To say that training, and hard work, can help us achieve our full potential is something I can fully support, but notice the use of the word 'potential'. It seems to me that while anyone may achieve these things, not everyone can, regardless of how much hard work one puts in. My position on the nature vs nurture debate is therefore both, and neither. I regard nature as a glass, or a vase, of some size and shape. Nurture is what is poured into that glass, whether it is water, or fruit juice, or wine, or poison. The liquid will conform to the shape of the glass, The glass may be small, or it may be huge, almost oceanic. The glass may be full, or empty, or somewhere in between, but there are limits on what it can hold. A man with a small glass may be holding more than a man with a titanic one. That is nurture. That is work. That is practice. The drive to achieve is to fill that glass as high as possible, perhaps even in defiance of perceived limits.

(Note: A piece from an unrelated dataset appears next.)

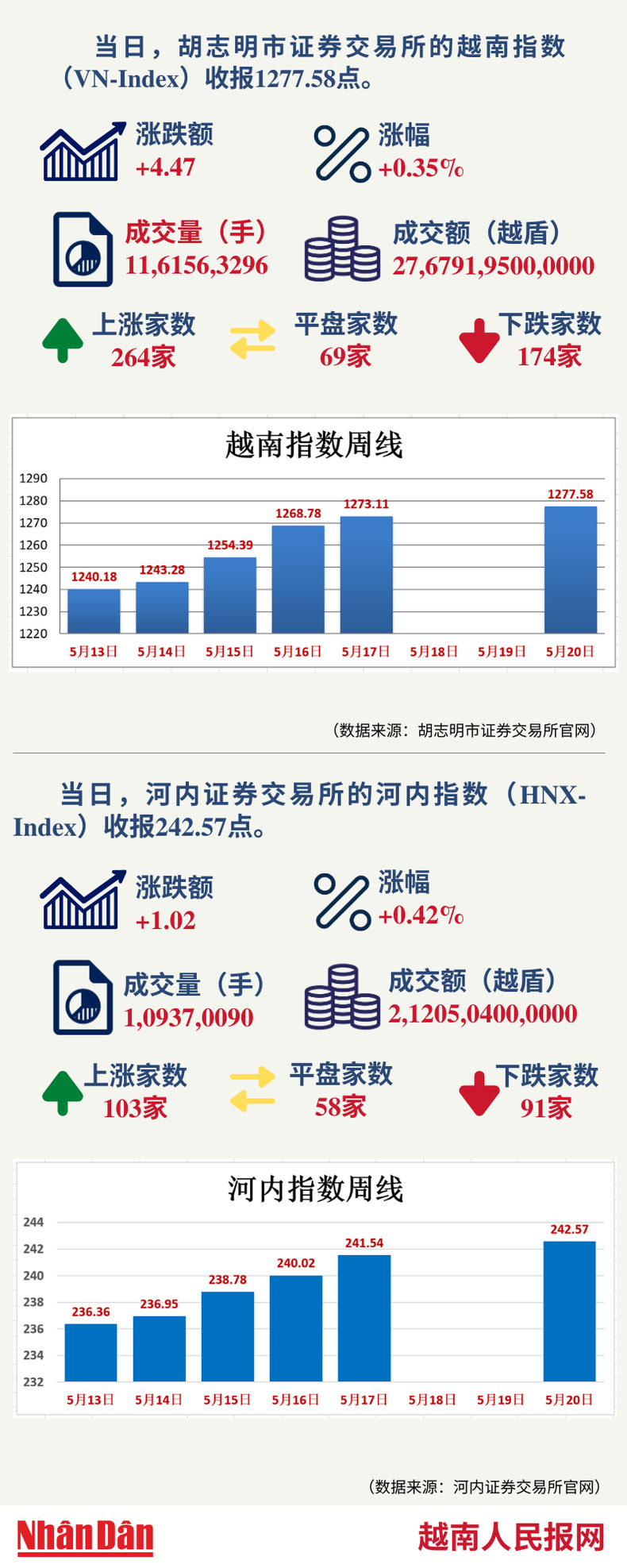 当天,胡志明市证券交易所的越南指数(VN-Index)和河内证券交易所的河内指数(HNX-Index)分别收报1277.58和242.57点。

I short, I see both nature and nurture, rather than either or. I simply can't choose between the two. Perhaps I'll revisit this argument in a hundred years. I may have a better answer by then.
1 comment:
There is also grace. God can accomplish what is humanly unbelievable in us for His greater glory.
I used to worry about not getting anywhere in this world in spite of my brains and talent until I understood that the only thing that matters is doing God's will and for that His grace is sufficient. So for me, I no longer think about nature vs. nurture but rather go with St. Thomas Acquinas' statement that grace builds on nature.
Once I could let go of my own expectations for myself and others and focus on the answer to "Am I doing God's will?" life got a whole lot easier. God is very generous with us when we submit.